The U.S. should have contacts with Russia, but the president should not be holding summit meetings with a despot.

© Grigory Dukor/Reuters

By Andrew C. McCarthy, National Review

Prior to President Trump’s dismal performance at Monday’s meeting with Russian despot Vladimir Putin, I expressed bafflement over his longstanding insistence that we need to have good relations with Moscow. This has never made sense to me. We have often done quite well, thank you very much, while having a strained modus vivendi with Moscow, even when it was the seat of a much more important power than today’s Russia.

[post_ads]It is not possible to have good relations with a thug regime unless one is willing to overlook and effectively ratify its thug behavior. Yet the widely perceived “need” to have good relations with Russia leads seamlessly to a second wrongheaded notion: It was appropriate, indeed essential, for the two leaders to meet at a ceremonial summit.

There is no need, nor is it desirable, for the president of the United States to give the dictator of the Kremlin the kind of prestigious spectacle Putin got in Helsinki. When I’ve made this point, as recently as Monday night in a panel on The Story, Martha MacCallum’s Fox News program, I’ve gotten pushback that, I respectfully suggest, misses the point.

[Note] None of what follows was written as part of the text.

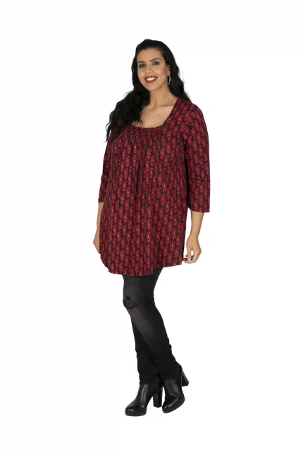 Tunique Noire à motifs rouges à manches 3/4 – TUP6038H

The counterargument, premised on the fact that it is important for the United States and Russia to have dialogue, maintains that this dialogue must be conducted at the chief-executive-to-chief-executive level. There is, after all, a long history of such meetings, tracing back to FDR’s recognition of the Soviet Union in 1933 (only after, I would note, years of antagonistic relations following the October Revolution).

To be clear, I did not and do not take the position that the United States should not have contacts with Russia in areas of mutual concern, or that it should not defuse tensions lest they escalate into unnecessary confrontations between the world’s two dominant nuclear powers. But these communications channels have long existed. They range from diplomatic, military, intelligence, and even law-enforcement contacts all the way up to occasional phone calls between the heads of state, and even the odd sidelines conferral between leaders at this or that multilateral conference.

The question, to the contrary, is whether the president of the United States should hold summit-style meetings with the Russian despot, complete with the pride, pomp, and circumstance of a glorious press conference, at which the two stand before the world as if they were amiable peers, trying their best to address the world’s problems.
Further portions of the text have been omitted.